The cost problem is usually not one giant prompt. It is the same run growing a little every step. A search result, test log, browser dump, and debugging trail may all be useful once, then keep getting carried forward after their value has faded.
Adola fits between agent context assembly and the downstream model call. Keep the full trace in your own system for audit and recovery, then send the model a smaller context block for the next step.
What usually bloats a coding-agent run
Compression works best on generous context that helps the agent orient itself but does not need to be copied verbatim into every following request.
- Repeated tool output
- Long error logs
- Old screenshots or page dumps
- Prior plans that no longer affect the next step
- Retrieved docs copied across several turns
- Verbose status trails from earlier attempts
Safe rollout pattern
Treat compression as a controlled hop before the model, not as a replacement for your source trace. The model receives less text, while your product keeps the raw evidence and a receipt for what changed.
- Keep system instructions, policies, and current user intent outside the compressed block.

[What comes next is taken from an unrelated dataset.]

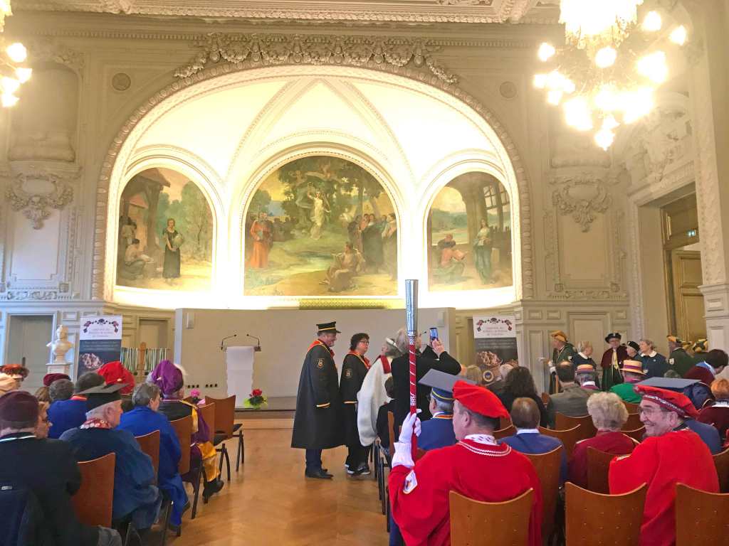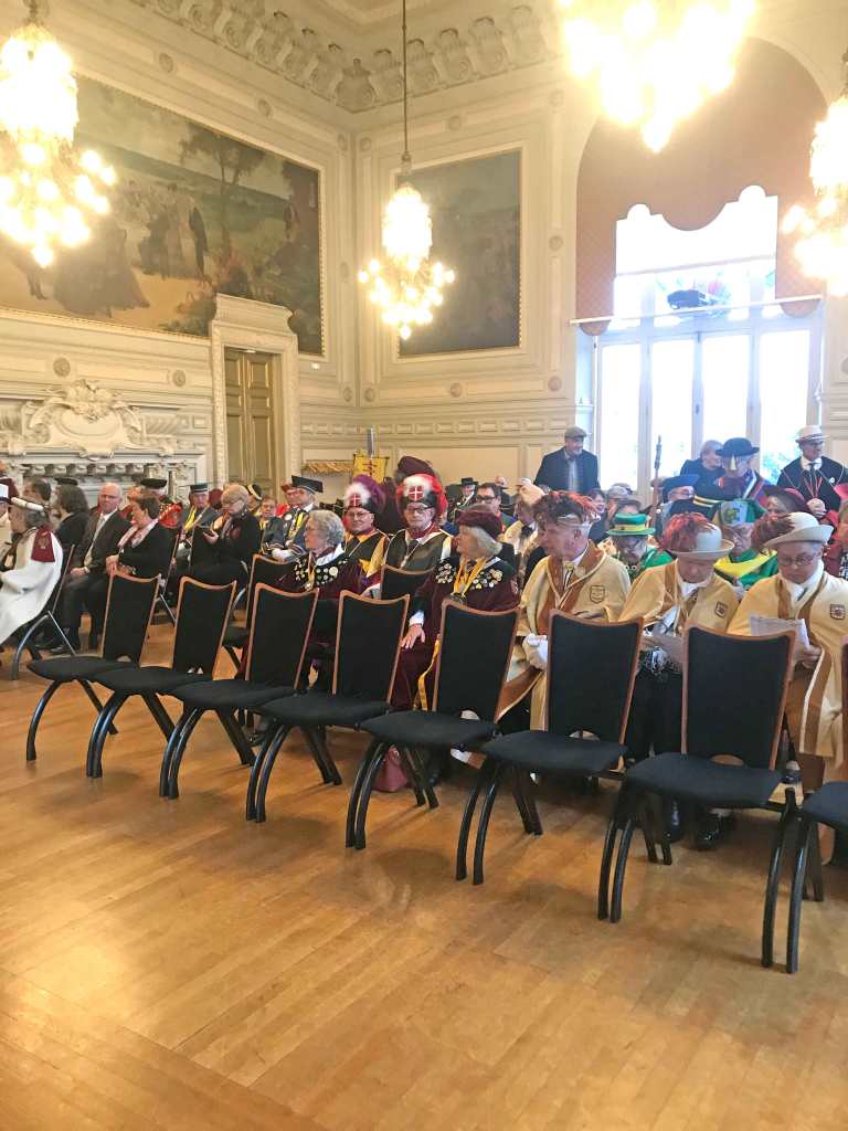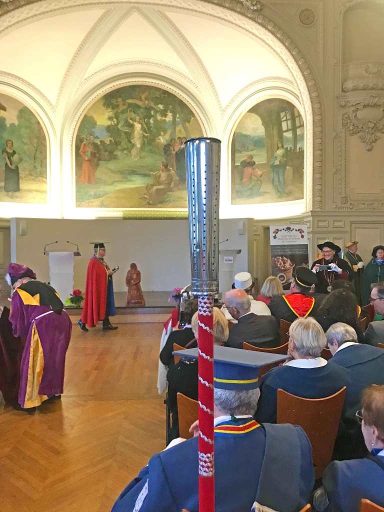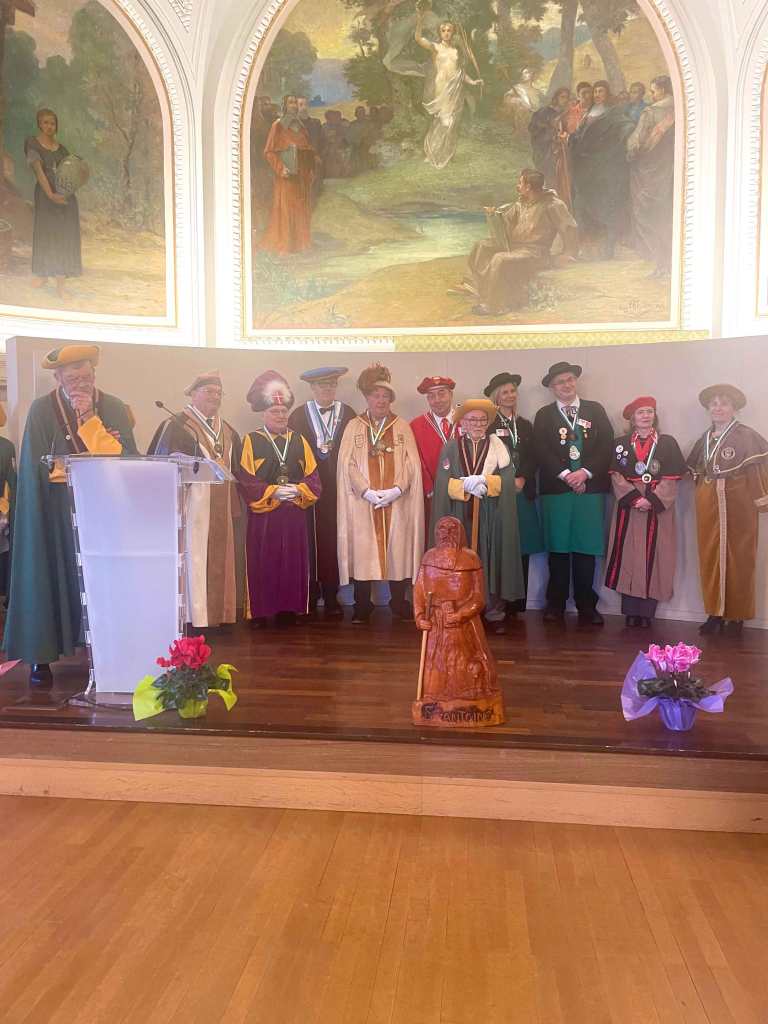 Après une collation pantagruélique composée de rillettes, rillons et viennoiseries, nous avons revêtu nos habits d’apparat pour l’appel des confréries et l’entrée dans la salle des mariages. Le chapitre solennel fût officiellement ouvert par le Grand Maître face à 69 autres confréries venues de toutes les régions de France et de la Belgique, suivi par les intronisations ; moment solennel où j’eu l’honneur de me faire adouber « Chevalier » et ainsi devenir un digne ambassadeur de Saint-Antoine. L’épilogue de ce chapitre fût assuré par Cécile Tardivon et son équipe avec le service d’un repas à faire pâlir Gargantua, regroupant autour de la table près de 260 convives.

- Compress the bulky run history before the next expensive model call.
- Log the receipt beside the agent step so saved tokens and risk flags are visible.
- Compare the answer against a full-context baseline before turning it on broadly.
const compressedRun = await adola.compress({
query: nextStep,
input: toolTraceAndPriorContext,
compression: {
target_ratio: 0.35,
preserve_order: true
}
});
const response = await model.responses.create({
model: "your-coding-agent-model",
input: compressedRun.output
});